= Task item =
Leave out every picture and set down, exactly, the lines below from the one holding "学生さんの活動状況発表風景学" up to and including the one holding "The Ice Door".

= Records shown =
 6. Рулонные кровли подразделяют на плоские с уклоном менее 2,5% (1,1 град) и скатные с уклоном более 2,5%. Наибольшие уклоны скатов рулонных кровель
* * *
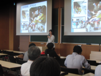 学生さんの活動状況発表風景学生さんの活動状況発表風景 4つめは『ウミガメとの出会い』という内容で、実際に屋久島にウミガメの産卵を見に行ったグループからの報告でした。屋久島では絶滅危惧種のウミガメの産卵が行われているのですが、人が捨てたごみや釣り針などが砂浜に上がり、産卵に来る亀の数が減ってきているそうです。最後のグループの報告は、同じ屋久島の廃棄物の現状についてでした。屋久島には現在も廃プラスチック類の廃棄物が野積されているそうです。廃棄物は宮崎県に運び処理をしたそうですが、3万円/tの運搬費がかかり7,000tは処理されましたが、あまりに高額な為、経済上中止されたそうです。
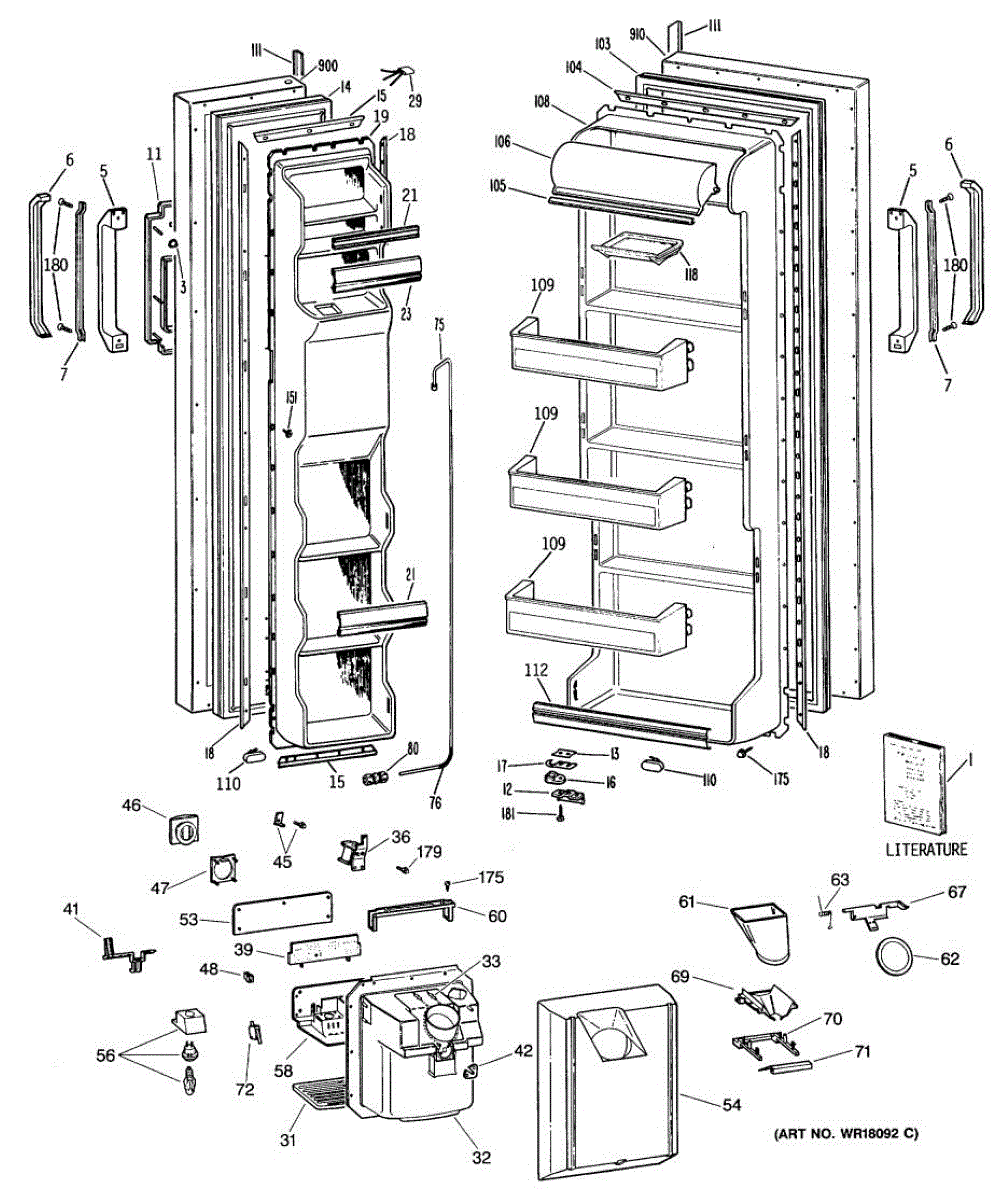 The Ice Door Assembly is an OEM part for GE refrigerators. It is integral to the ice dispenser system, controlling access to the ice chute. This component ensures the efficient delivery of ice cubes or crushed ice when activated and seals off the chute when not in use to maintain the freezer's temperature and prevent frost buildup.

= Response =
 学生さんの活動状況発表風景学生さんの活動状況発表風景 4つめは『ウミガメとの出会い』という内容で、実際に屋久島にウミガメの産卵を見に行ったグループからの報告でした。屋久島では絶滅危惧種のウミガメの産卵が行われているのですが、人が捨てたごみや釣り針などが砂浜に上がり、産卵に来る亀の数が減ってきているそうです。最後のグループの報告は、同じ屋久島の廃棄物の現状についてでした。屋久島には現在も廃プラスチック類の廃棄物が野積されているそうです。廃棄物は宮崎県に運び処理をしたそうですが、3万円/tの運搬費がかかり7,000tは処理されましたが、あまりに高額な為、経済上中止されたそうです。
 The Ice Door Assembly is an OEM part for GE refrigerators. It is integral to the ice dispenser system, controlling access to the ice chute. This component ensures the efficient delivery of ice cubes or crushed ice when activated and seals off the chute when not in use to maintain the freezer's temperature and prevent frost buildup.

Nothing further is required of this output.